Não faça política se você não consegue colocar os interesses maiores da sociedade acima de suas dores. O poeta alemão Bertold Brecht (meu comunista predileto) disse num poema escrito de dentro da noite sombria do nazismo: “Deita com o vil, se preciso for,/ mas muda o mundo/ porque o mundo precisa ser mudado”.
Não faça política se você não consegue colocar os interesses maiores da sociedade acima de suas dores, repito. Comparo as tristes figuras que agem assim a um narciso trajado de farrapos, a ostentar sua coroa de lata. Quando uma liderança age assim, ela nos está dizendo com todas as letras: eu não estou à altura do lugar onde vocês me colocaram.
Não. Não faça política se você não consegue colocar os interesses maiores da sociedade acima de suas dores.
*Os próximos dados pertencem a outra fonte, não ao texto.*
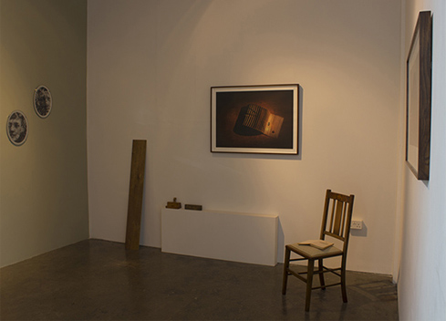 Published April 17, 2014 at 489 × 352 in Works ← Previous Next → Installation Shot, Image: Index of Love, Objects: Screenprint, optiwhite glass and silver (Unique), Savage Ground/Stony Ground, Reclaimed Antique Oak Chair, Book: The Art of Loving, Erich Fromm.
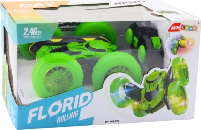 Den intuitive fjernbetjening gør det muligt at køre frem/tilbage, lave hurtige 360°-rotationer og smidige retningsskift. De grønne LED-oplyste hjul giver en imponerende effekt ved aftenkørsel og forvandler enhver bane til et show.

Foi ofendido e traído? Atingido por atos mesquinhos, preterido à margem do mérito? Você tem todo o direito de denunciar em viva voz o quanto lhe custou cada segundo exposto aos piores sentimentos de quem julgava aliados.
Mas, não. Não faça política se você não consegue colocar os interesses maiores da sociedade acima de suas dores. Porque você terá de fazer valer sua relevância de modo cruel, a um custo que poderá ser pago pelos mais vulneráveis. Sim, aqueles que você sempre defendeu é que irão pagar a conta do traje brilhante de sua vaidade com que você irá ao banquete dos covardes.
Citei Brecht e, para concluir, o cito novamente. Em uma peça de teatro sua, ambientada durante a guerra civil espanhola, a senhora Carrat se volta para um padre de sua vila, que mantinha uma neutralidade na luta entre democratas e fascistas, porque “seu reino não” era “deste mundo”, e diz: “Cuidado, padre. O senhor está lavando as mãos em sangue”.
Certamente, a senhora Carrat, como muitos que tiveram seus dias finais numa masmorra do fascismo franquista, concordaria comigo quando digo insistentemente: não faça política se você não consegue colocar os interesses maiores da sociedade acima de suas dores.